Shadow Bomb
In flight you never really look up.
When you're on the ground, you look up all the time, especially if you are a chicken. Or a glider pilot.
Hawks circle, up there. Clouds develop promisingly. We both thermal up.
Rooster glances up again and again, head on a swivel. Flicker, hitch, threat, turn of a wing against the sky. For him, a chicken's death glides up there with sudden impact, talons raking. With a throaty warning, the flock freezes instantly, lucky ones already under cover.
I glance around, can't see it. I never see anything. It's not life-or-death... for me.
Bu they know: you're over there, perched on that tall branch, tension gathered and waiting. Black crows sound off, screaming, and scatter to the wind.
Cooper's hawk.
I wait by the gate, impatiently. Nothing's happening. Must be alright.

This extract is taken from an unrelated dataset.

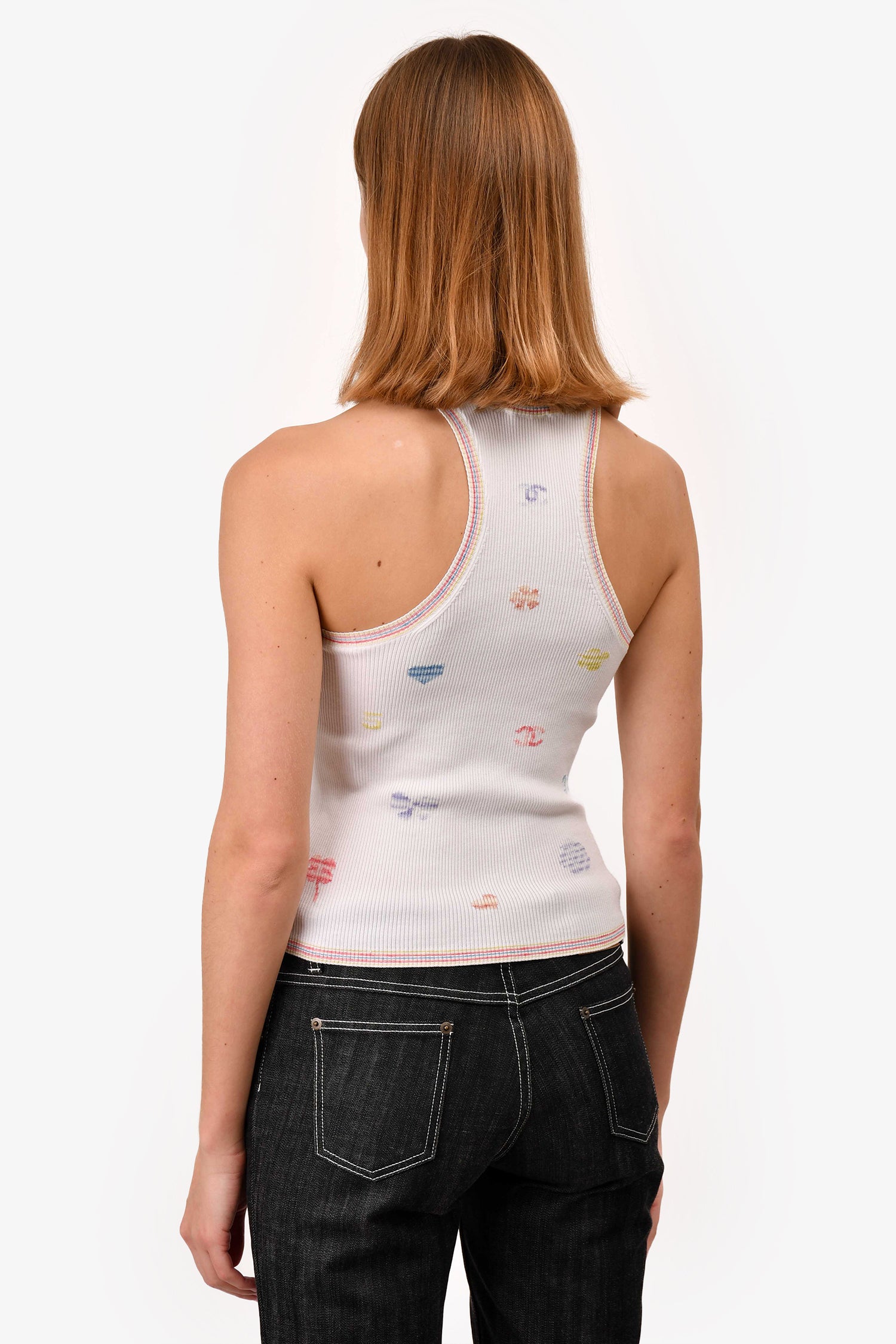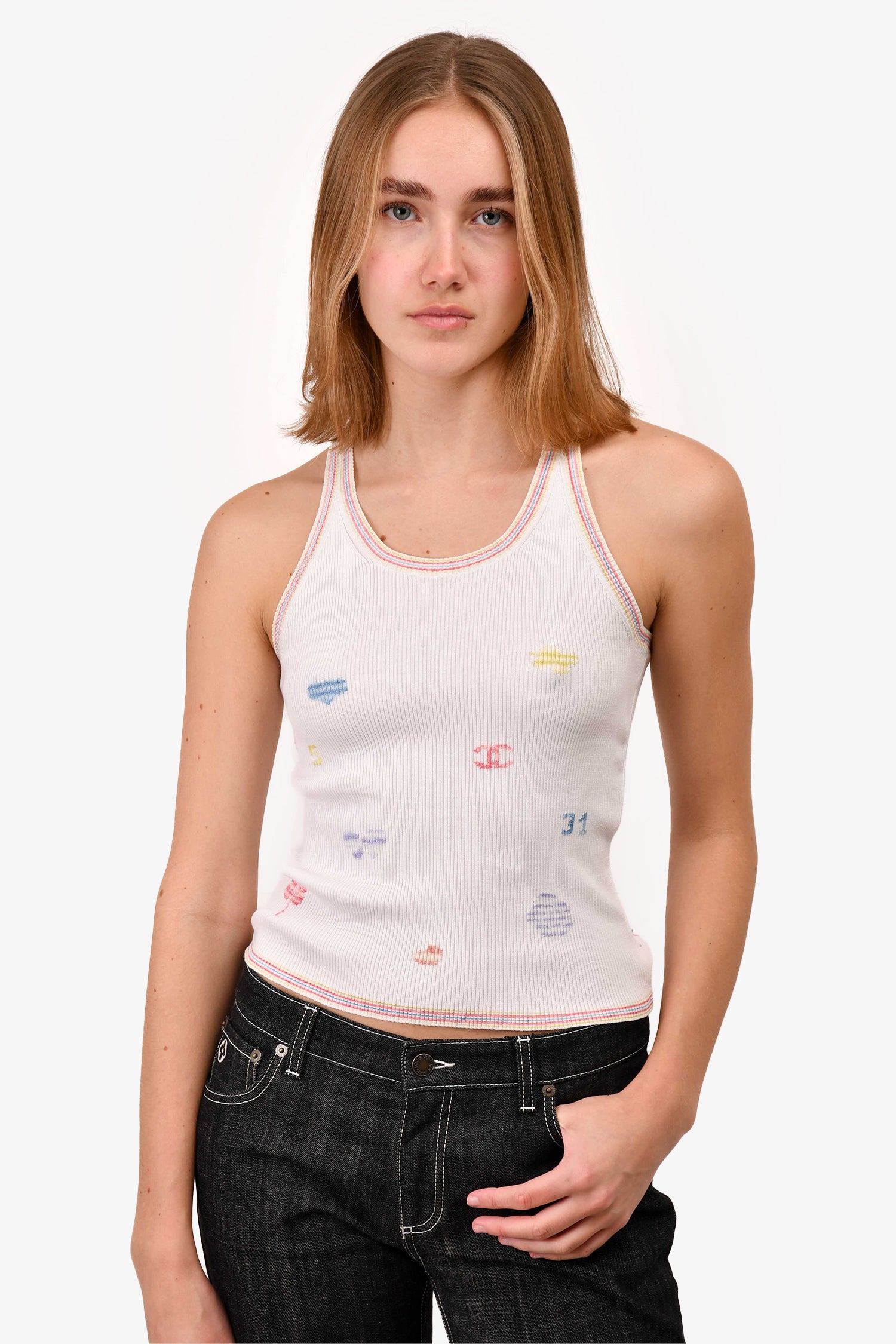 Refresh availabilityPre-Loved Chanel™ 2021 White Graphic Printed Ribbed Tank Top. Multicoloured ribbed trimming and graphic symbols. Tonal stitching.

I turn my back to go; behind it you silently choose your moment, sweeping down, a shadow bomb in my peripheral. The flock explodes in discordant calls: petrified amplified confusion, scrambling to huddle. I race back with my own yell, clamoring with them. Where did you go? So fast.
There you are, on the fence post now. I charge, I'm bigger than you. You can't take me on. I am predator too, and those are MY chickens.
You retreat, and I watch you. The cacophony takes much longer to subside: they know how persistent you are.
But I know what it is to circle up there, turning around the sky. I want to be wild. I want to be you.